Il servizio targato Google dovrebbe arrivare sul mercato americano nella prima metà di quest’anno (anche se era già atteso per ottobre dello scorso anno e quindi il suo lancio è tutt’altro che scontato), mentre quello di Cablevision debutterà il prossimo mese.

Anche se in due modi diversi, le due società hanno di fatto lanciato l’offensiva contro modello di business degli operatori mobili ‘e dei produttori di smartphone come Apple, che finora hanno privilegiato la via degli accordi esclusivi con le telco per commercializzare i loro dispositivi a prezzi vantaggiosi e quindi accessibili per molti utenti che altrimenti non avrebbero mai potuto permetterseli. Il vantaggio per gli operatori è stato quello di ‘fidelizzare’ gli utenti con contratti di lunga durata che hanno assicurato loro gli introiti necessari per gli investimenti nell’aggiornamento delle reti.

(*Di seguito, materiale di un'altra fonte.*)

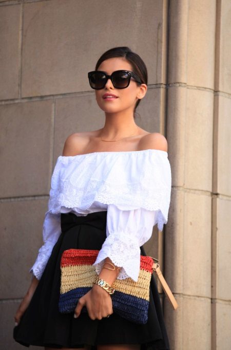 Without much effort, the classic black-and-white look turns into a stylish and interesting one. Airy blouse in the style of "Carmen", a lush mini-skirt with a bow and a three-color straw clutch. It looks just stunning! Great idea for a date, a cocktail with friends and other special occasions.

Secondo dati Cisco, più del 90% del traffico dati Usa viaggia sulle reti Wi-Fi.

Entrambi i modelli di business dovranno però affrontare non poche sfide: basati sul Wi-Fi, dovranno innanzitutto fare i conti con la capillarità degli hot-spot (saranno insomma necessari investimenti per potenziare la rete?). Ci sarà poi il nodo della gestione dei rapporti coi clienti e, soprattutto, bisognerà valutare l’appeal sul pubblico delle due proposte.

Al momento, la società di Mountain View sta facendo pressione sul regolatore per facilitare l’assegnazione di nuovo spettro da utilizzare per i servizi Wi-Fi, ma quel che è certo è anche che dovrà agire con cautela, per non inimicarsi i produttori di smartphone: ne va del destino del sistema operativo Android.

“Wi-Fi e mobile hanno una relazione simbiotica e noi osserveremo attentamente come questa si evolverà”, ha detto di recente  il direttore finanziario di Google Patrick Pichette.

Kristin Dolan, Chief Operating Officer di Cablevision ha invece indicato che il loro servizio potrebbe essere adatto, ad esempio, agli studenti universitari, spesso connessi col Wi-Fi.

Il fatto poi che due società del calibro di Google e Cablevision si stiano interessando a un modello di business fin qui perseguito solo da piccoli player, sta quindi a dimostrare che i tempi per un pieno utilizzo dell’off-loading non solo sono maturi per alleviare il peso del traffico su reti mobili sempre più congestionate sature ma è anche indicativo che ci sono i presupposti culturali e infrastrutturali per lanciare la sfida.

In Italia, come ha spiegato a Key4biz l’analista Mauro Colopi di Bain & Company Italy, un modello simile non sarebbe ancora perseguibile data la insufficiente capillarità della rete Wi-Fi.